That was also the year of the General Strike. The TUC called it off after nine days without winning any concessions from the government, a surrender the miners refused to accept. They stayed out for a further six months and were backed by the ILP.

AJ Cook, general secretary of the Miners’ Federation of Great Britain, and James Maxton, the new ILP chairman, issued a joint manifesto urging the Labour Party to move from gradualism to a more radical position, and thus counter the challenge of the Communist Party (CPGB) which had been formed at the beginning of the decade.

The manifesto had little effect, although in Lancashire it led ILP members to condemn the Labour Party as “compromisers whose only object was office”,7 and declare their own “unceasing war against poverty and working-class servitude”8. The missing minutes would establish the precise response of the Blackburn branch, but in their absence there is no reason to think that Johnnie would have disagreed with these sentiments.

The deepening rift

Socialism In Our Time and the Cook-Maxton manifesto deepened the rift within the political left, and the ILP was the main casualty. It lost much of its moderate members to the Labour Party and its revolutionary wing to the CPGB, so that its 1,075 branches in 1926 were reduced to 746 by 1929.9

Nevertheless, the ILP sponsored 58 candidates in the 1929 general election, 37 of whom were elected, and Labour was able to form its second government with MacDonald again Prime Minister.

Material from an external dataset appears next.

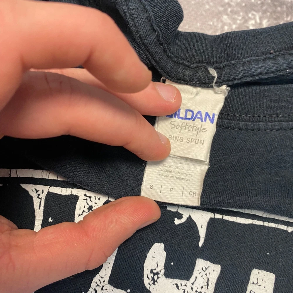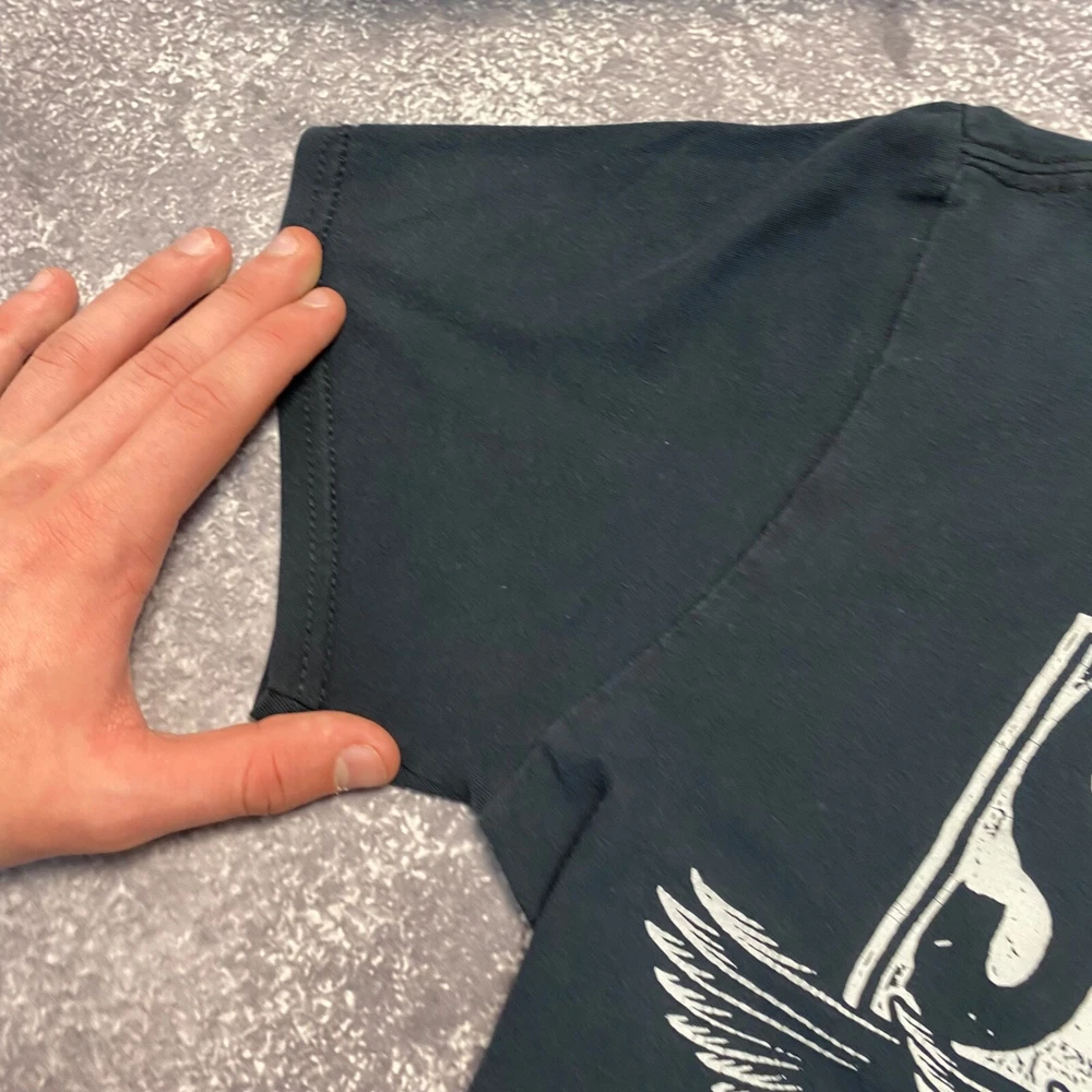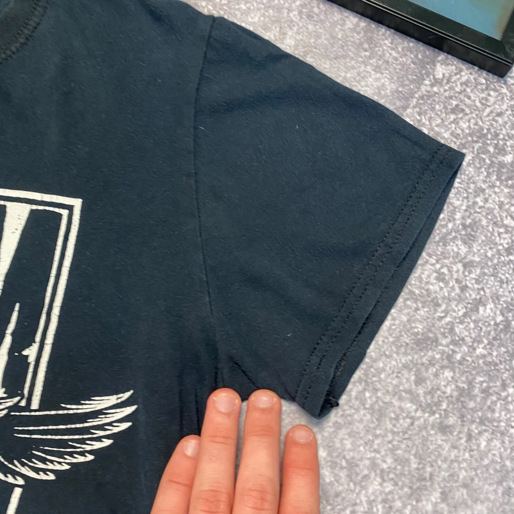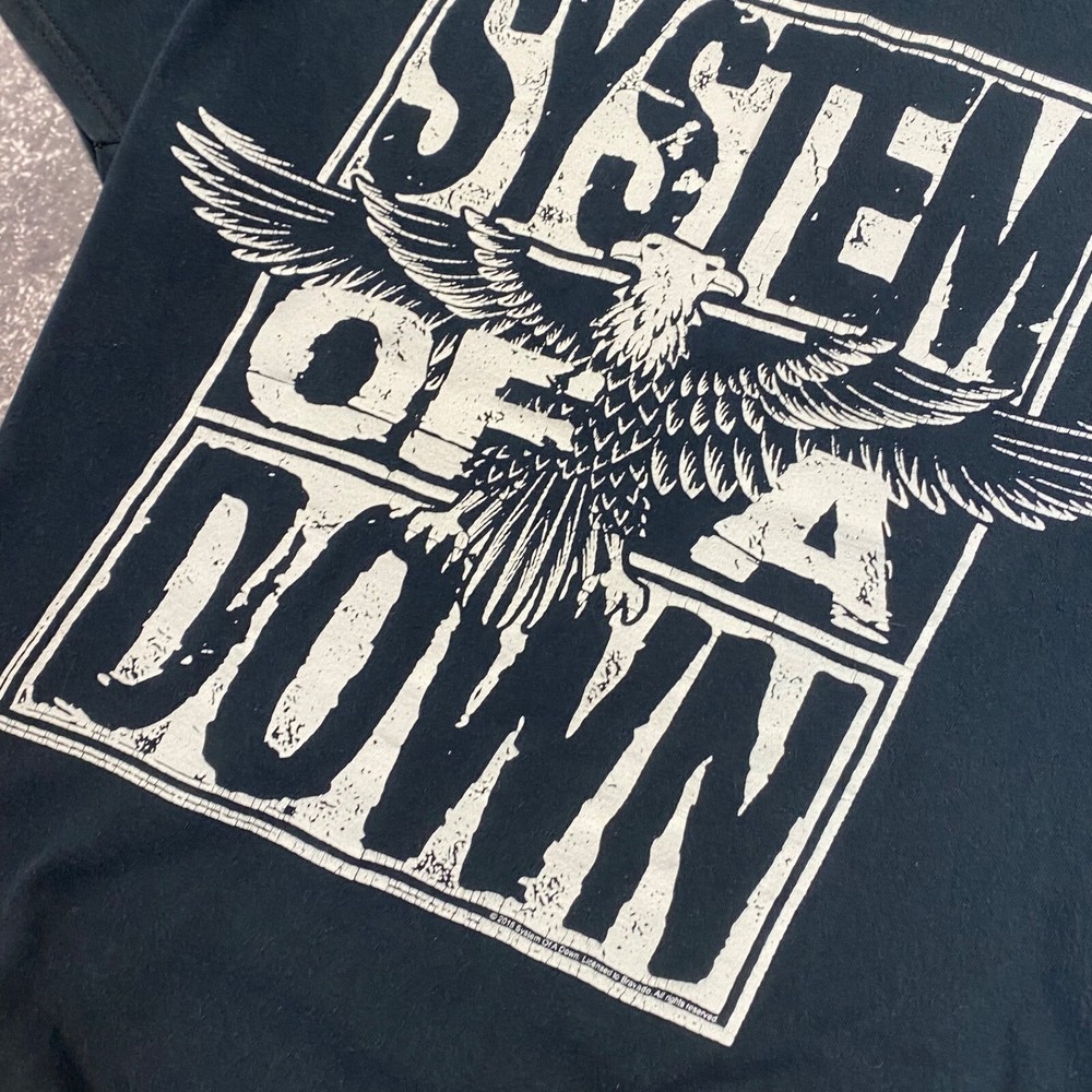 This is a vintage blue t-shirt with a short sleeve and regular fit made of cotton material. The shirt features a 2015 design of the rock band System of a Down. It is available in size small for men.

It was the first time all adults over 21 were able to vote and the 22-year-old Johnnie cast his ballot for Mary Hamilton, Labour’s candidate in the Blackburn constituency. She won, but her party’s reluctance to promote socialist measures mortified the ILP. Indeed, when Snowden used the slump in trade that followed the Wall Street Crash as an excuse for omitting nationalisation from his 1930 budget, Johnnie may well have supported the alternative submitted by the Chancellor of the Duchy of Lancaster.

That was Oswald Mosley who proposed to create jobs by nationalising industry, introducing a liberal credit scheme and increasing pensions to encourage early retirement. The Cabinet rejected Mosley’s plan leading him to resign from both the government and the ILP. Within two years he had formed the British Union of Fascists (BUF).

Snowden’s fiscal timidity caused much dissent within the Labour Party and among its supporters, for few could accept his intention to cut unemployment benefits, reduce public sector wages and introduce a means test. Consequently, the government collapsed in 1931. Its replacement was a Conservative-dominated coalition supported by a Liberal and Labour rump, although MacDonald stayed on as Prime Minister and Snowden as Chancellor of the Exchequer.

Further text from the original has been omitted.